2.2. Students’ opinion about the need to fill the content with tasks of an applied
     nature
Students were asked to answer open-ended questions: “Which subject area data analysis you are
interested conducting in?” The students’ answers showed that the most popular data for processing are
data from sociology, medicine, engineering, economics and biology.
   Also, the idea of what data students are interested in working with in practice was studied. The
results of answers to the questions are shown in figure 3.


Figure 3: Students’ opinion on data origin for practical tasks.

  Among the surveyed respondents, 71.08% believe that data obtained as a result of practical research
and having an applied nature are most attractive for them. This indicates the need to develop practical
and laboratory work based on real data obtained from statistical studies.

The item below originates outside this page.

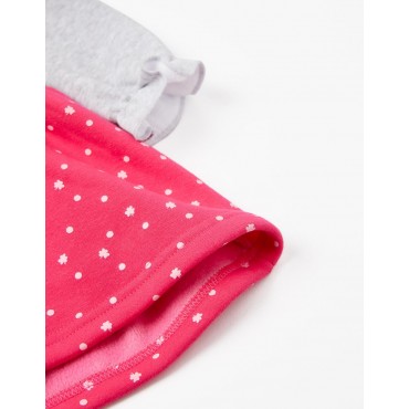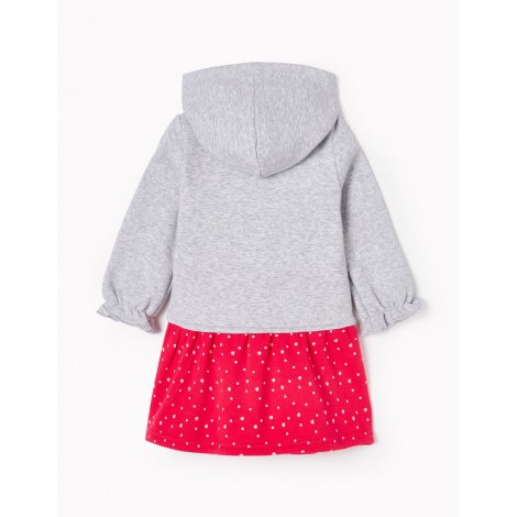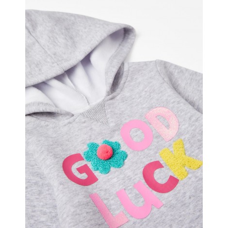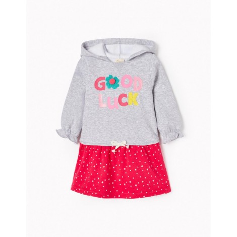 Abito felpato per neonata, garzato con morbidissimo peluche ad effetto termico. Con cappuccio. Colletto con dettaglio scollo a V a costine per una facile vestizione. Top grigio con stampa frontale, dettagli glitter e bouclé. Gonna rosa con fantasia stampata, fiocco decorativo al centro ed effetto mosso. Un abito invernale casual e originale con un positivo messaggio di buona fortuna.

2.3. Students’ interest in using programming languages and software for statistical
     data analysis
The purpose of the third block of questions was to study the opinion of respondents about the need and
feasibility of using software and programming languages for statistical data analysis.
    Students were asked the following questions: “Do you know programming languages with which
it is possible to perform statistical data analysis (enter)?”, “Which software product interface is more
user friendly for you?”, “Are you more interested in data analysis using special software or using a
programming language?”
    According to the first question, the opinions of the respondents were divided as follows: 55.42% indi-
cated the programming language R, 28.92% indicated the Python programming language. Programming
languages such as C++ (9.64%) and Java (6.02%) were also indicated (figure 4).


Figure 4: Respondents’ answers to the question on convenience of program packages interface.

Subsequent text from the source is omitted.